Rahul, it’s day three. You’ve slept for three and a half hours since you arrived four days ago. We have plans to dunk you in an ice bath just to keep you going. And luckily, there’s one just across from the koi pond up here on the roof of the Nobu Hotel. When they ask you to leave here on Friday, don’t let them. This is our podcast’s home now.

Rahul:

Well, Friday’s a long way away, and of course there’s so much more to come.

Hilary:

Don’t I know it? All right.

Swami Sivasubramanian, VP Database Analytics and ML at AWS is about to take the stage.

We have Alex Kearns with us here to parse the announcements. Alex is an AWS consultant and Senior Solution Engineer at Inawisdom in the UK. If you are talking about AI, ML or data analytics, you want to have Alex in the room and we do. So let’s get to it.

Audio:

Please welcome the Vice President of Data and Machine Learning at AWS, Dr. Swami Sivasubramanian.

Welcome!

Hilary:

Live from re:Invent in Las Vegas. This is AWS Insiders, an original podcast by CloudFix about the services, patterns, and future of cloud computing at AWS. CloudFix is a tool that finds and implements 100% safe. AWS-recommended cost savings. That’s fixes not just analytics.

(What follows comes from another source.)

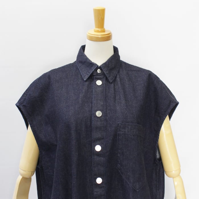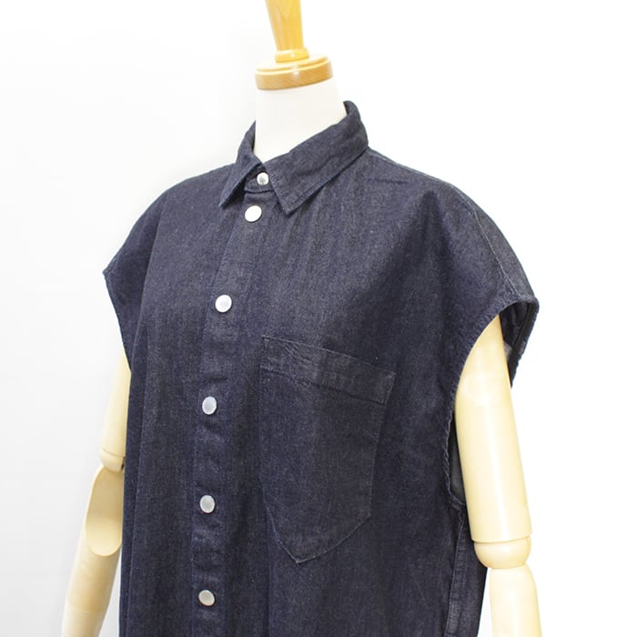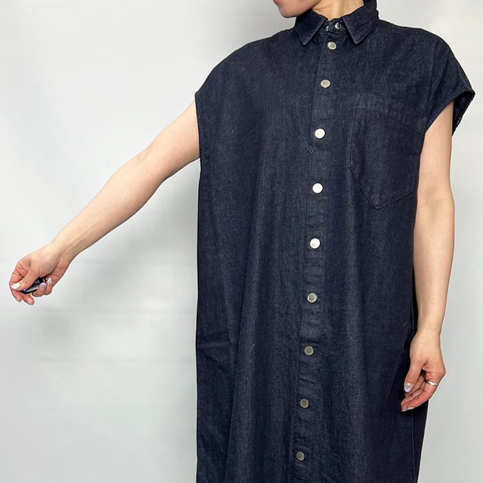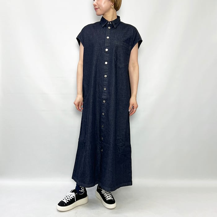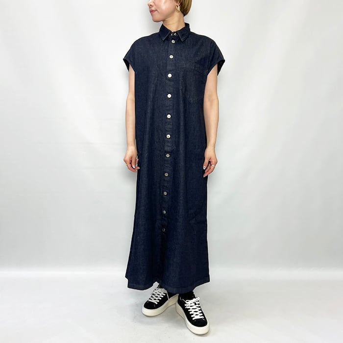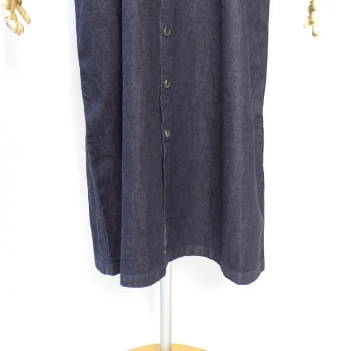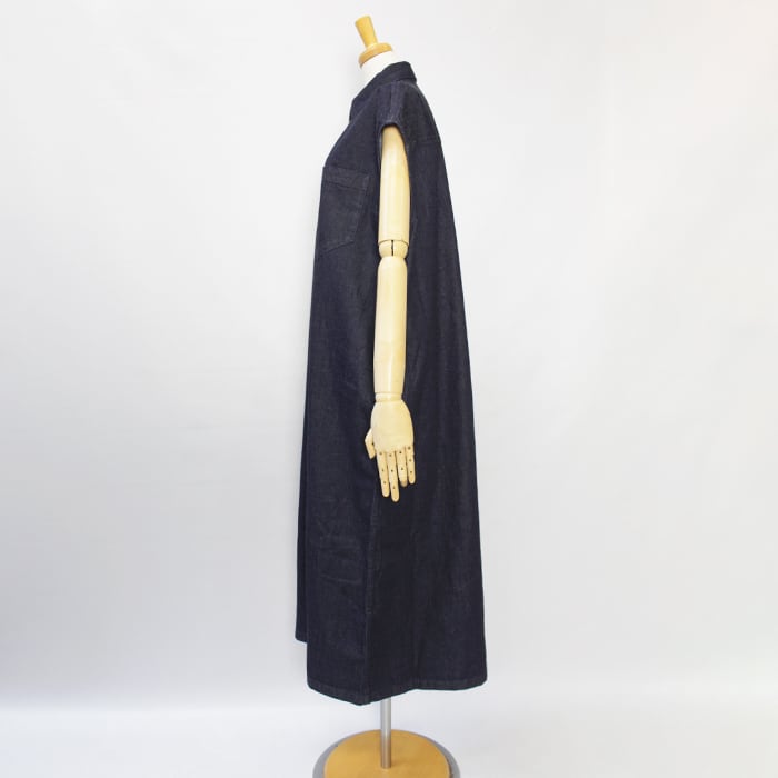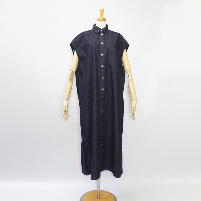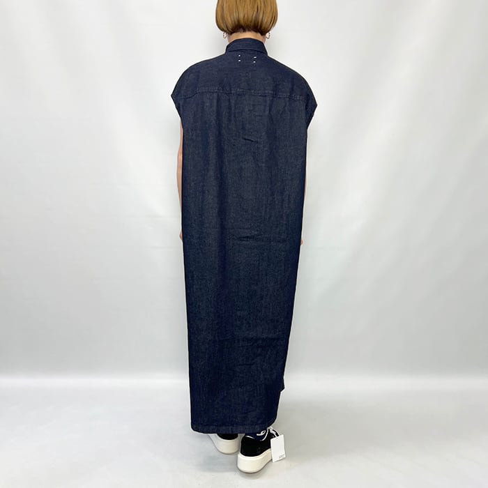 9ozという軽さと重厚感のあるシボ顔を両立した綿100%デニムで仕立てたマキシ丈ドレス。

I’m Hillary Doyle, joined always by Rahul Subramaniam. Rahul, Swami just left the keynote stage where he opened with a Selipsky-style setup that looked at inventors from Isaac Newton to the inventor of the microwave oven. His opening thesis, these moments of innovation, these light bulb ahas, they can only happen when you’ve got the right context, the right information working in the background so that you can make the connections that lead to something revolutionary. In other words, move over Isaac Newton, because AWS can now operate as your enterprise brain making those connections for you, assuming you’ve laid the groundwork to capture that data properly.

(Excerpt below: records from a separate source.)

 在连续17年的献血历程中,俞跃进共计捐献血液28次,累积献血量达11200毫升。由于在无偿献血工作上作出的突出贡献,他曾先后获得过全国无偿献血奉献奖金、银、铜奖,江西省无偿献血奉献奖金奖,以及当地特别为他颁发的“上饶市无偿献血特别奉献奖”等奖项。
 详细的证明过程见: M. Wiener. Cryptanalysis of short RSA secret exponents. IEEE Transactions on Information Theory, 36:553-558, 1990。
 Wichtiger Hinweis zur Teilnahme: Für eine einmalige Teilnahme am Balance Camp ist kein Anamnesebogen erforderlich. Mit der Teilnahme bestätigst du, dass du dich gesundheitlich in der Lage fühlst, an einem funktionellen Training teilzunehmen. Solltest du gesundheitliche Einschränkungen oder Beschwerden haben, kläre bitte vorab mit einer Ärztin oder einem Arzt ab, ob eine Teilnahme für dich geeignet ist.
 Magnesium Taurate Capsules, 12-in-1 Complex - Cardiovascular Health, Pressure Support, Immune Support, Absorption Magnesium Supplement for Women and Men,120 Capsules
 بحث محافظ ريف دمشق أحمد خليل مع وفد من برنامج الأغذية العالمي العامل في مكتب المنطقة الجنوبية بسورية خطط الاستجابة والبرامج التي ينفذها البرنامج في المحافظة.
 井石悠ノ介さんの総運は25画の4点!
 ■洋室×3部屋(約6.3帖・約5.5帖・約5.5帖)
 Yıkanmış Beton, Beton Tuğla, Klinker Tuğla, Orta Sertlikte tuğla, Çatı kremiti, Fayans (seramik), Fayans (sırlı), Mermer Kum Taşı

So according to Swami, the key is building a future-proof data foundation within AWS and then creating neural networks by weaving a connective tissue across the organization. It’s so easy.

We’ve been watching the action here at your watch party, and it’s been a pretty quiet room here on the rooftop.

Rahul:

Yeah, I think the problem has been with some of the storytelling.

Hilary:

Yeah, yeah.

Rahul:

The connections are crossfired all over my head at this point. But-

Hilary:

Do your best.

Rahul:

Here’s how I unravel this entanglement. I think as everyone knows who’s been dealing with anything ML or AI, it’s all about the data.

Hilary:

Of course.

Rahul:

So if I were to break down Swami’s keynote, it boils down to data connections in terms of where do you source all these desperate pieces of data. Second, how do you process all of this data and get it into shape so that you can actually do something with it? And then the third part of it is what interesting insights can you gain from it, both from a BI and analytics standpoint at the low end of it, and then machine learning models.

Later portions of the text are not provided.